The only problem with the above solution is that there is no way to be sure that the one-second timeout occurred because the data stopped arriving. It could as well be the result of a temporary IO or network glitch. One could increase the timeout to decrease the probability of a prematurely terminated transfer, but this kind of gamble is not a good idea in production.

Fortunately, there is a way around the issue without resorting to -w. GNU Netcat has a --exec option that spawns a command whose standard input and standard output point to the actual network socket. This allows the subcommand to manipulate the socket in any way, and fortuitously results in the socket getting closed after the command exits. With the writing end closing the socket, neither nc is left hanging, and the transfer completes:

nc -lp60000 | gunzip -c | tar x                  # receiver
nc -e 'tar c dir... | gzip -c' otherhost 60000   # sender

Self-delimiting streams

There is one just little thing that needs explaining: why did the transfer consistently work with tar, and consistently failed to work with the combination of tar and gzip?

The answer is in the nature of the stream produced by tar and gzip. Data formats generally come in two flavors with respect to streaming:

  1. Self-delimiting: formats whose payload carries information about its termination. Example of a self-delimiting stream is an HTTP response with the Content-Length header — a client can read the whole response without relying on an out-of-band “end of file” flag. (HTTP clients use this very feature, along with some more advanced ones, to reuse the same network socket for communicating multiple requests with the server.) A well-formed XML document without trailing whitespace is another example of a self-delimiting stream.

  2. Non-self-delimiting: data formats that do not contain intrinsic information about their end. A text file or an HTML document are examples of those.

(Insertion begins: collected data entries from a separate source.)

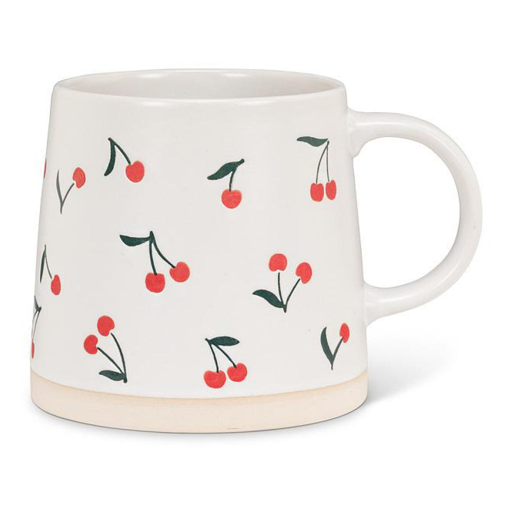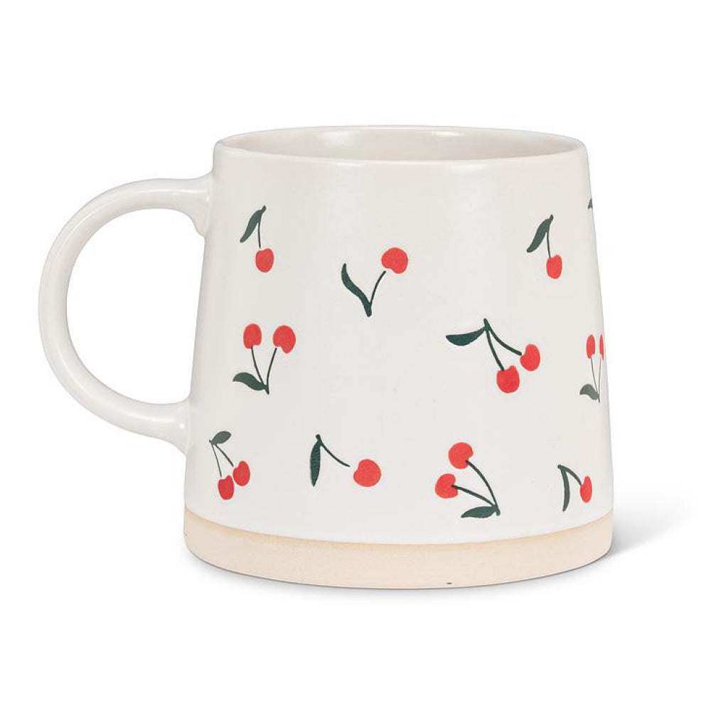 This wide base stoneware mug is sprinkled with sweet cherries for a cheerful start to the day. Sturdy and easy to love, it’s a playful everyday pick for coffee or tea.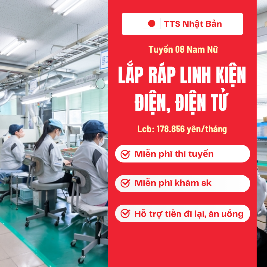 Tuyển 08 Nam Nữ lắp ráp linh kiện điện, điện tử tại Shiga, Nhật Bản [Phí thấp].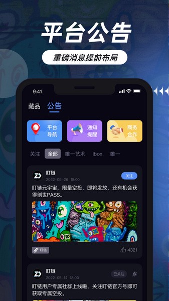 1、实时公告,线报资讯等等功能内容,可以帮助用户更好的发现数字藏品价值。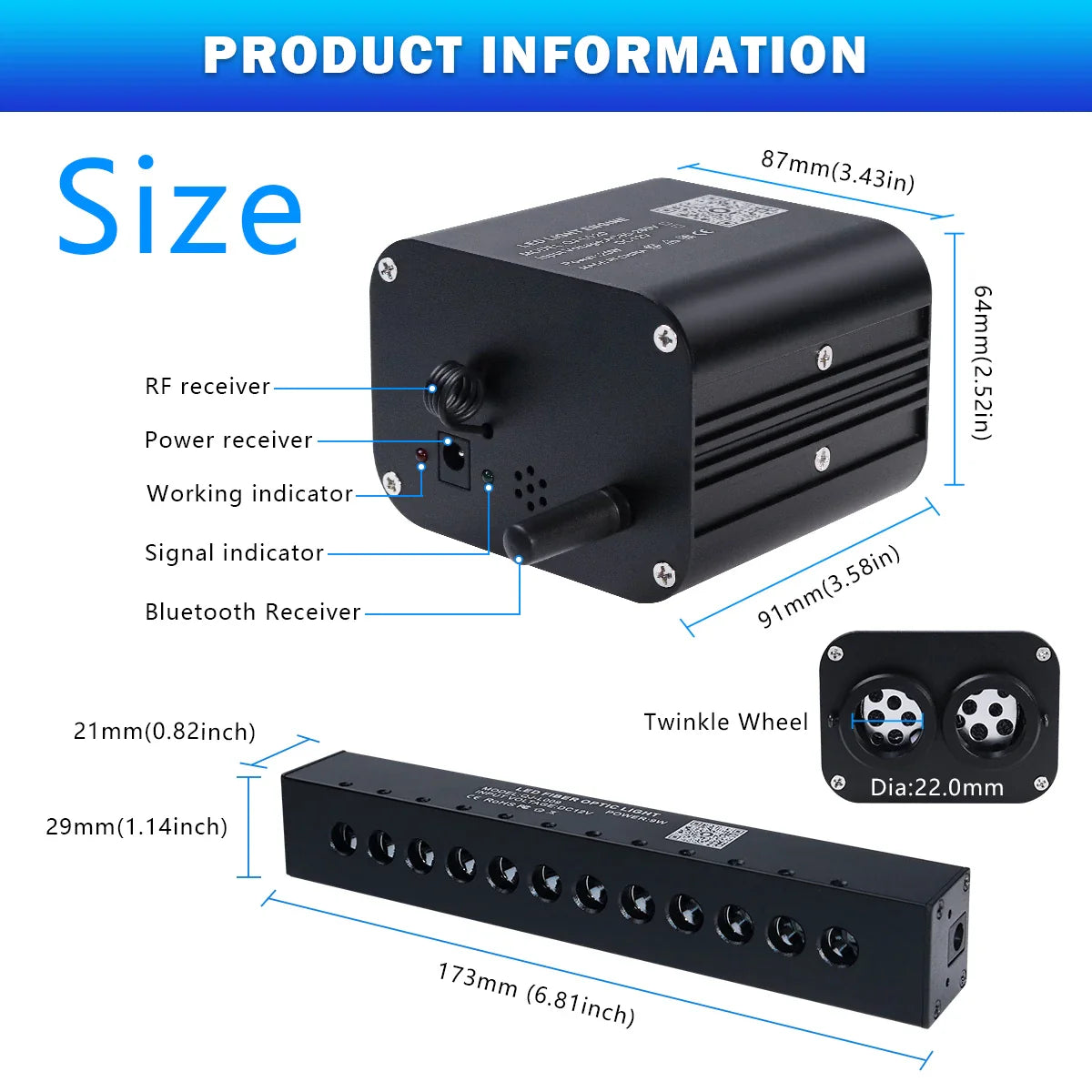 - 1 x 20W RGBW Twinkle light engine (Bluetooth APP + Music Control)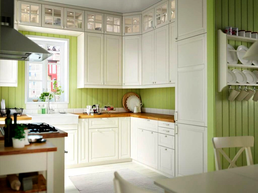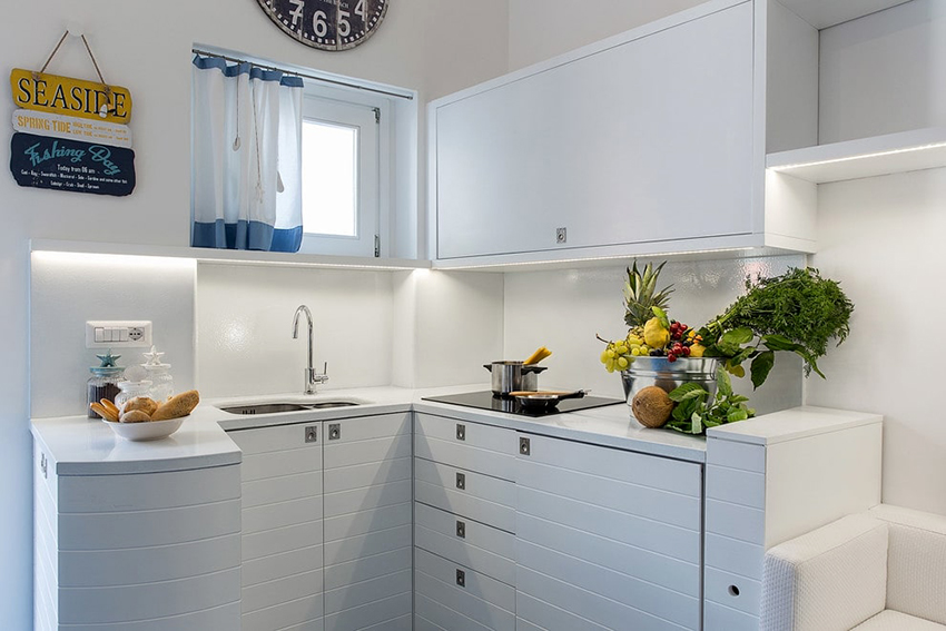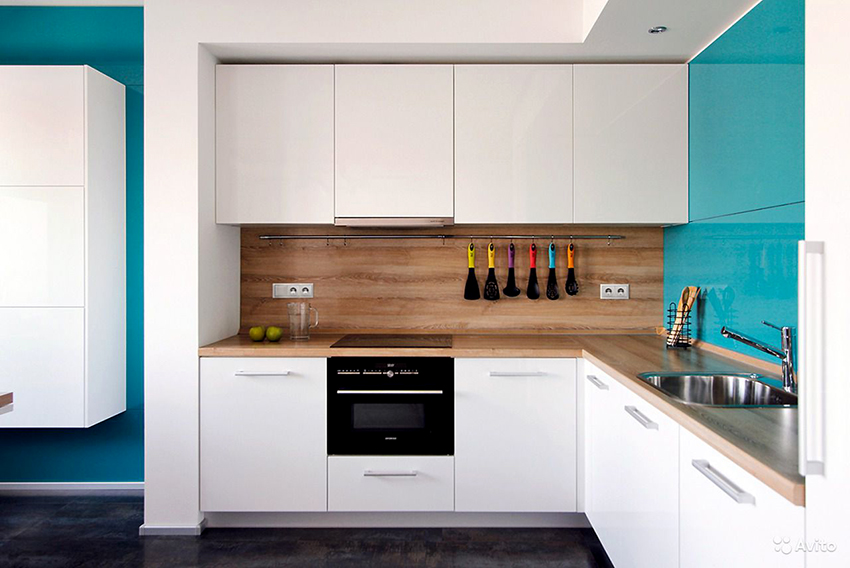 Užitočná rada! Ak sú skrinky náhlavnej súpravy vybavené zatváračmi dverí, ktoré sa otvárajú smerom nahor, je vhodné mierne odrezať výšku zástera, inak bude nepohodlné takýto nábytok používať.

While a tar archive as a whole is not self-delimiting (nor can they be, since tar allows appending additional members at the end of the archive), its individual pieces are. Each file in the archive is preceded by a header announcing the size of the file. This allows the receiving tar to read the correct number of bytes from the pipe without needing additional end-of-file information. Although tar will happily hang forever waiting for more files to arrive on standard input, every individual file will be read to completion.

On the other hand, gzip does not produce a self-delimiting stream. gunzip reads data in 32-kilobyte chunks for efficient processing. When it receives a shorter chunk, say 10k of data, it doesn’t assume that this is because EOF has occurred, it just waits for the remaining 22K of data for its buffer to fill. gunzip relies on EOF condition to tell it when and if the stream has ended, after which it does flush the “short” buffer it last read. This incomplete buffer is what caused the data loss when compression was added.

This is why the -e solution works so nicely: it not only makes the socket close, it ensures that EOF is signaled across the chain of piped commands, including the receiving gunzip.